Tomiinek / Multilingual_Text_to_Speech

An implementation of Tacotron 2 that supports multilingual experiments with parameter-sharing, code-switching, and voice cloning.
MIT License
826 stars 157 forks source link

about µ and variances σ #83

Closed xynulgm6020 closed 1 year ago

xynulgm6020 commented 1 year ago

"We computed means µ and variances σ of audio durations of groups corresponding to examples with the same transcript lengths. Then we removed those with durations outside the interval (µ – 3σ, µ + 3σ)." Here "groups" means some data of the same language or data of the whole dataset in other words µ and variances σ of the specific language or of the whole dataset

Tomiinek commented 1 year ago

Hello, thank you for the question!

of groups corresponding to examples with the same transcript lengths

It means that the groups are made of samples that have transcripts with the same length (one group for 4 character, 5 characters, another for 6 characters ... 190 characters); I guess for all languages together (but I do not remember very well :pensive: ).

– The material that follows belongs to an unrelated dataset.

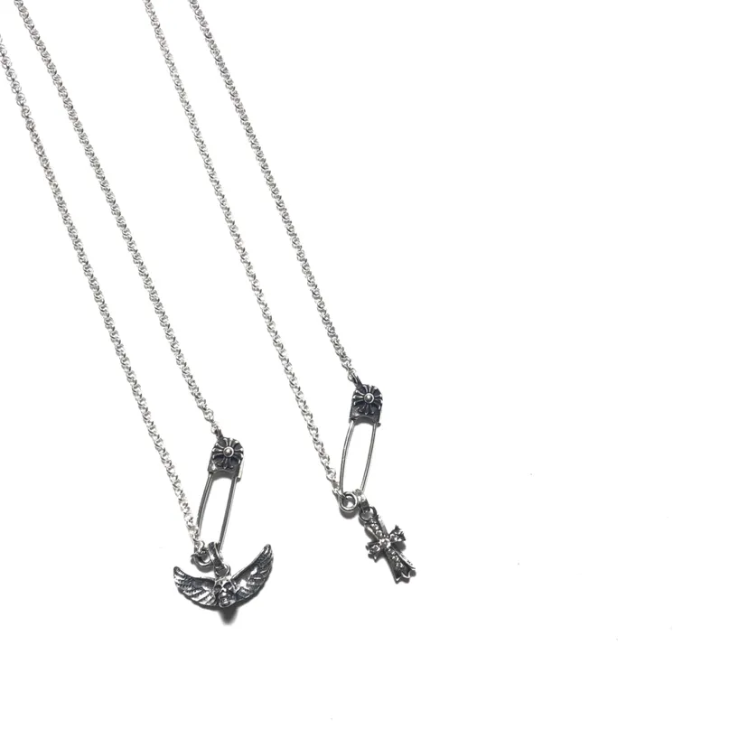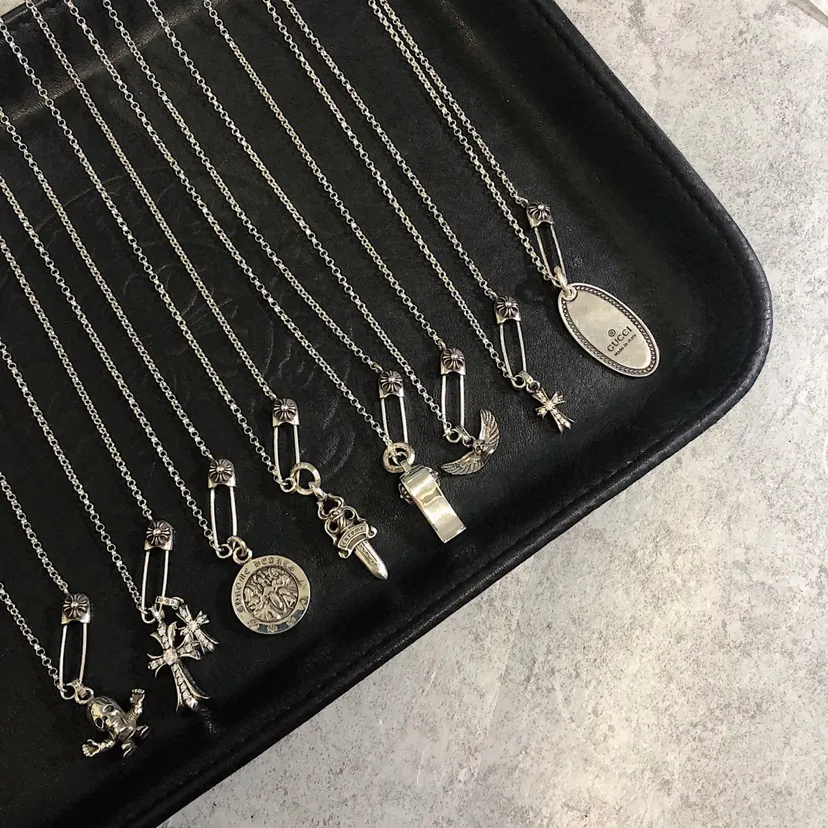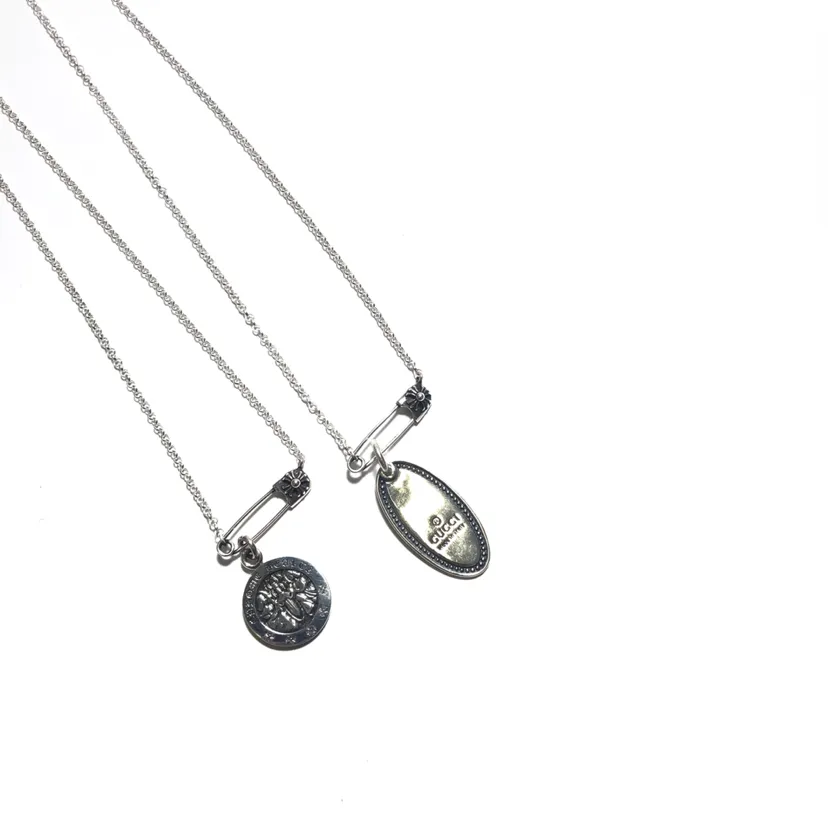 Chrome Heartsのシルバーネックレスは、ピン付きのデザインが特徴で、異なる吊り下げチャームが付いています。個性的なデザインと高品質なシルバー素材で、ファッショナブルでユニークなアイテムです。コレクターズアイテムとしても人気があり、他の人と被らないスタイルを楽しめます。市場には偽物も出回っているため、購入時には正規品を見極めることが重要です。
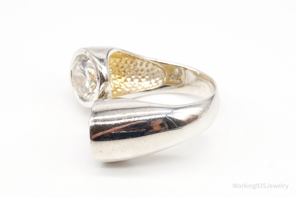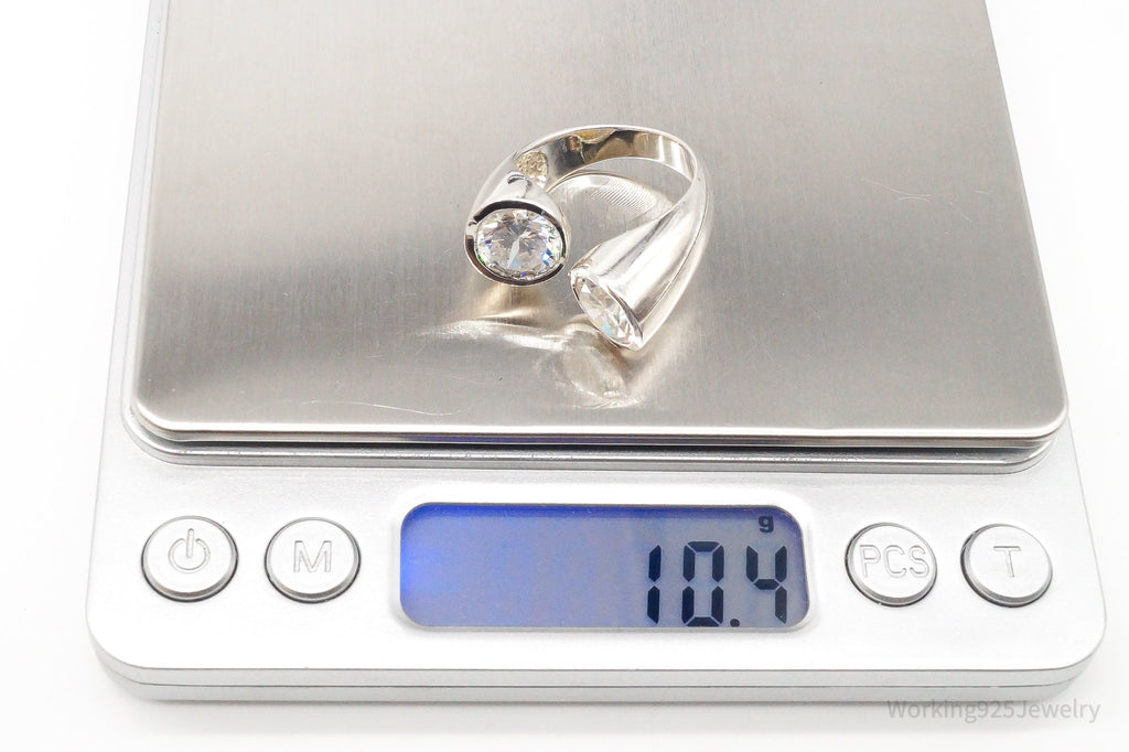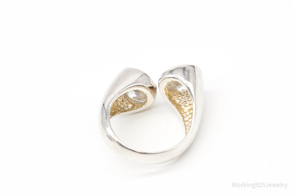 Vintage Cubic Zirconia Sterling Silver Wrap Ring - Size 8.5 Adjustable

The goal was to remove outliers, for example a sample with audio duration 10s and transcript length 3 characters, but keep them if the duration and length is in tact, e.g. 10s and 100 characters.

xynulgm6020 commented 1 year ago

different language has different text length for the same audio, so I'm very confused

xynulgm6020 commented 1 year ago

different language has different text length for the same length of different audios, so i'm

xynulgm6020 commented 1 year ago

Did you delete the silence of the audio

stale[bot] commented 1 year ago

This issue has been automatically marked as stale because it has not had recent activity. It will be closed if no further activity occurs. Thank you for your contributions.